Singh's unique account of India's six-decade-long transformation from British colony to the world's largest democracy alternates vividly painted personal memoir with penetrating analysis of that nation's deeply complicated political, cultural and religious life. A well-known Indian writer and essayist and founder of India's first magazine on design, art and architecture, Singh has moved in India's artistic, political and intellectual inner circles since the 1950s. His passion for architecture and city planning brings an odd but intriguing mixture of aesthetic values and social activism to his political perspective, such as when he parallels the decline of India's cities- through reckless development and attendant overpopulation, disease and poverty-with the decline of the country as a whole. He traces the responsibility to a post-partition political apparatus he believes to be endemically corrupt, supplementing his concise analysis with personal experiences of Nehru's government; the momentous rise, corruption and assassination of Indira Gandhi (who sought Singh's political counsel on several occasions); and the increase in religious fundamentalism (Singh's own religion, Sikhism, occupies a precarious position in a country violently rift between Hindu and Muslim). He is refreshingly candid about his swings between political idealism and pessimism. But it is his emotional rendering of Delhi's tragic disintegration-from the gracious, elegant city of Singh's childhood in the 1930s to the urban nightmare it is today-that perhaps makes the deepest impression.

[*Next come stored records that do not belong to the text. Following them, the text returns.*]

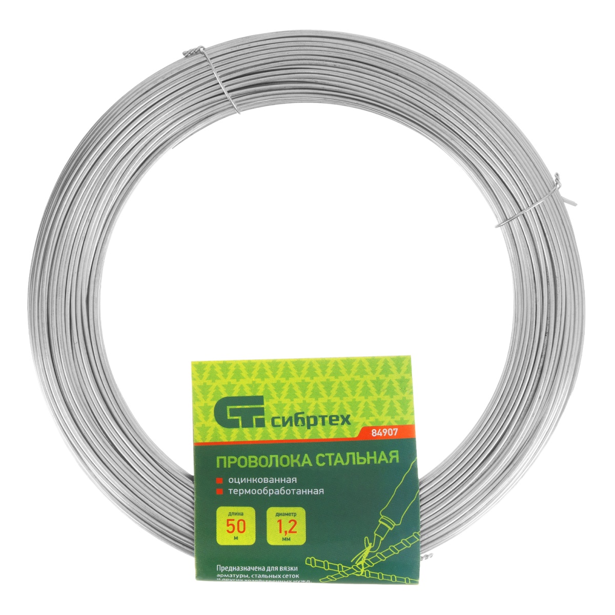 Купить Проволока стальная 50 м, оцинкованная, термообработанная 1.2 мм Сибртех V5875 по лучшей цене с доставкой - интернет магазин №1 в России
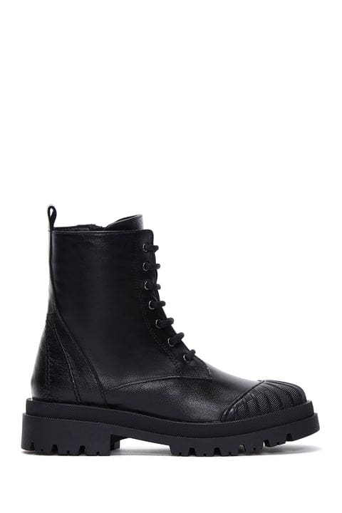 Kadın Siyah Deri Fermuarlı Postal Bot
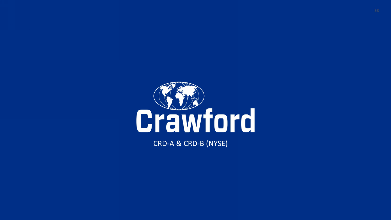 52 52 Reconciliation of Full - Year Non - GAAP Results Year Ended December 31, 2022 Unaudited ($ in thousands) Pretax Earnings Net (Loss) Income Attributable to Crawford & Company Diluted (Loss) Earnings per CRD - A Share Diluted Earnings (Loss) per CRD - B Share GAAP $ 5,046 $ (18,305 ) $ (0.37 ) $ (0.37 ) Adjustments: Amortization of intangible assets 7,836 5,877 0. 12 0. 12 Goodwill impairment 36,808 33,300 0.67 0.67 Non - service - related pension credits (1,591 ) (1,389 ) (0.03 ) (0.03 ) Contingent earnout adjustments 2,921 2,163 0.04 0.04 Reserves on certain income tax assets — 11,767 0.24 0.24 Non - GAAP Adjusted $ 51,020 $ 33,413 $ 0. 67 $ 0. 67 SEPTEMBER 2023

Copyright 1995 Cahners Business Information, Inc.
Singh, a publisher of architectural journals and a political writer, cleverly constructs a personal memoir within the political history of India from the 1930s to the 1990s. By juxtaposing his vision of environmentally sensitive urban growth with the corrupt practices, spineless leadership, and religious intolerance of modern India, he shows us a country possessed of little hope for the future. Singh presents the period through the Fifties as a time of hope and industry in both his personal life and that of India. In contrast, the 1960s through 1990s are described as a plunge into the abyss under the leadership of Indira Gandhi, her son Rajiv, and P.V. Narasinha Rao. As a Sikh, he condemns the attack on the Golden Temple at Amritsar, the Sikh assassination of Indira Gandhi, and the subsequent police-sanctioned butchery of Sikhs in New Delhi. Despite Singh's desire to see points of light, his unambiguous description of the Bharatiya Janta Party as inspired by Nazi Germany and in constant attack on freedom of expression and on the right to life and property bodes disaster for India. A sobering account that is recommended for general readers.